Он подождал, пока мигом подросшая коза не очухалась и не умчалась прочь, истерически мемекая и подпрыгивая высоко над травой, и вернулся в свой вагончик. Лег на матрац, набитый сеном, уткнулся в колючую подушку, пряно и томительно пахнущую полынью, и крепко зажмурился…

* * *

Ольга, жена Кузьмичева, маленькая, тоненькая брюнетка, работала в роддоме. Дважды в неделю она дежурила: во вторник и пятницу. Ольга любила устойчивость и порядок во всем, даже в графике дежурств. Иногда Кузьмичев удивлялся, как она столько лет терпит рядом такого безалаберного мужчину, как он.

Впрочем, называя себя безалаберным, он слегка кокетничал сам с собой. Он был как раз очень аккуратен, даже питал слабость к уборке квартиры. Для Ольги было очень удобно, что муж не терпит запыленной мебели и помутневшего стекла, мусора на полу и тусклых от пыли ковров. Но с некоторых пор Кузьмичева больше занимало другое…

Во вторник и пятницу он приказывал детям пораньше ложиться спать, а себе стелил в кабинете, тщательно заперев дверь туда.

Под книжными полками стояла низкая тахта. Кузьмичев включал зеленоватого стекла бра и, задыхаясь, все время ощущая неуклюжесть своих пальцев, извлекал из внутреннего кармана пиджака маленькую куколку – словно изящнейшую фарфоровую статуэтку.
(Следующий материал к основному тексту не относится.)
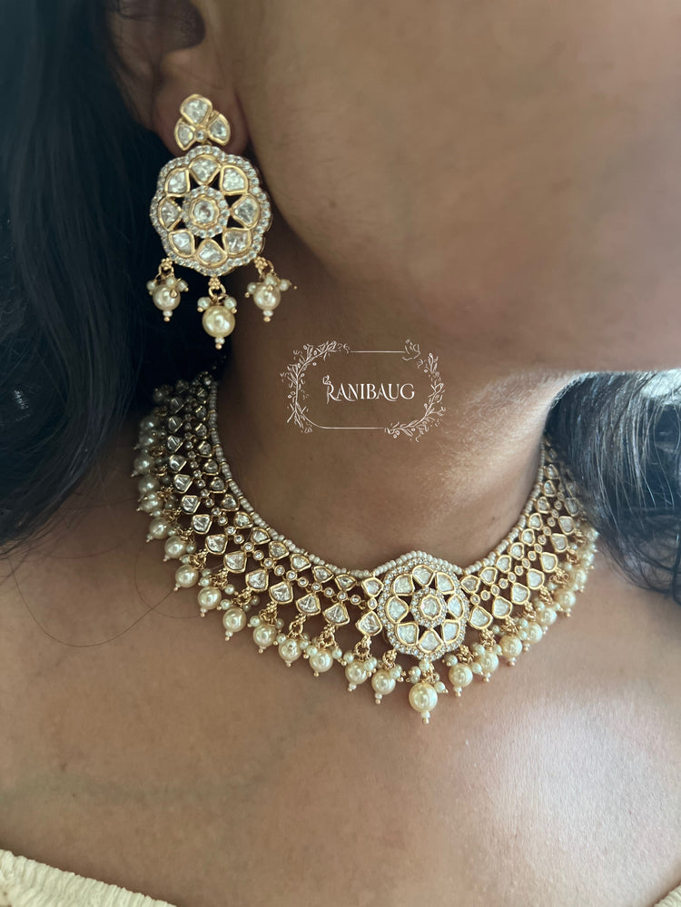 Comprehensive Polki Setting: Every flower showcases extensive uncut diamond work, where individual stones are carefully positioned to create depth and dimension within each bloom.

Трудно было оторваться от созерцания ее точеных черт, и Кузьмичев, смиряя себя, радостно ласкал взором лежащую на его ладони фигурку. Потом осторожно опускал ее на диван и, отойдя, подносил к губам свою находку – дудочку. Он твердо знал, что эта белая дудочка предназначена не для игры, что она молчит, но почему-то в то время, пока фигурка на диване росла, увеличивалась, превращаясь в Светлану, Кузьмичеву казалось, что он слышит неясную мелодию, от которой сердце начинало стучать сильнее.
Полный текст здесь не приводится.